New cases that expand the genotypic and phenotypic spectrum of Congenital NAD Deficiency Disorder.

机构信息

Victor Chang Cardiac Research Institute, Sydney, New South Wales, Australia.

Department of Pediatrics, University of California San Francisco, San Francisco, California, USA.

出版信息

Hum Mutat. 2021 Jul;42(7):862-876. doi: 10.1002/humu.24211. Epub 2021 May 16.

DOI:10.1002/humu.24211
PMID:33942433
原文链接:https://pmc.ncbi.nlm.nih.gov/articles/PMC8238843/
Abstract

Nicotinamide adenine dinucleotide (NAD) is an essential coenzyme involved in over 400 cellular reactions. During embryogenesis, mammals synthesize NAD de novo from dietary l -tryptophan via the kynurenine pathway. Biallelic, inactivating variants in three genes encoding enzymes of this biosynthesis pathway (KYNU, HAAO, and NADSYN1) disrupt NAD synthesis and have been identified in patients with multiple malformations of the heart, kidney, vertebrae, and limbs; these patients have Congenital NAD Deficiency Disorder HAAO and four families with biallelic variants in KYNU. These patients present similarly with multiple malformations of the heart, kidney, vertebrae, and limbs, of variable severity.
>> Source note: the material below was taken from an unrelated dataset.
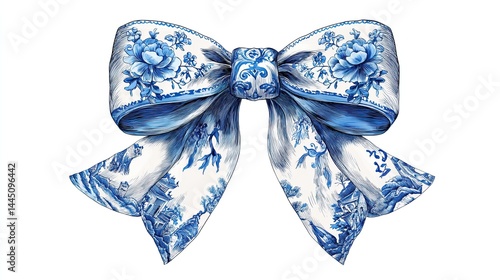Elegant blue and white decorative bow with floral porcelain pattern isolated on white background

We show that each variant identified in these patients results in loss-of-function, revealed by a significant reduction in NAD levels via yeast genetic complementation assays. For the first time, missense mutations are identified as a cause of malformation and shown to disrupt enzyme function. These missense and frameshift variants cause moderate to severe NAD deficiency in yeast, analogous to insufficient synthesized NAD in patients. We hereby expand the genotypic and corresponding phenotypic spectrum of Congenital NAD Deficiency Disorder.

摘要

烟酰胺腺嘌呤二核苷酸(NAD)是一种必需的辅酶,参与超过 400 种细胞反应。在胚胎发生过程中,哺乳动物通过犬尿氨酸途径从饮食中的 l-色氨酸从头合成 NAD。编码该生物合成途径中三种酶的三个基因(KYNU、HAAO 和 NADSYN1)中的双等位基因失活变异体破坏 NAD 的合成,并已在患有心脏、肾脏、脊椎和四肢多种畸形的患者中被发现;这些患者患有先天性 NAD 缺乏症 HAAO 和四个家族中 KYNU 的双等位基因变异体。这些患者的表现相似,均存在心脏、肾脏、脊椎和四肢的多种畸形,严重程度不同。我们表明,这些患者中鉴定出的每个变异体都导致功能丧失,通过酵母遗传互补测定显示 NAD 水平显著降低来揭示这一点。首次发现错义突变是畸形的原因,并表明其破坏了酶的功能。这些错义突变和移码变体导致酵母中 NAD 中度至重度缺乏,类似于患者中合成的 NAD 不足。我们在此扩展了先天性 NAD 缺乏症的基因型和相应表型谱。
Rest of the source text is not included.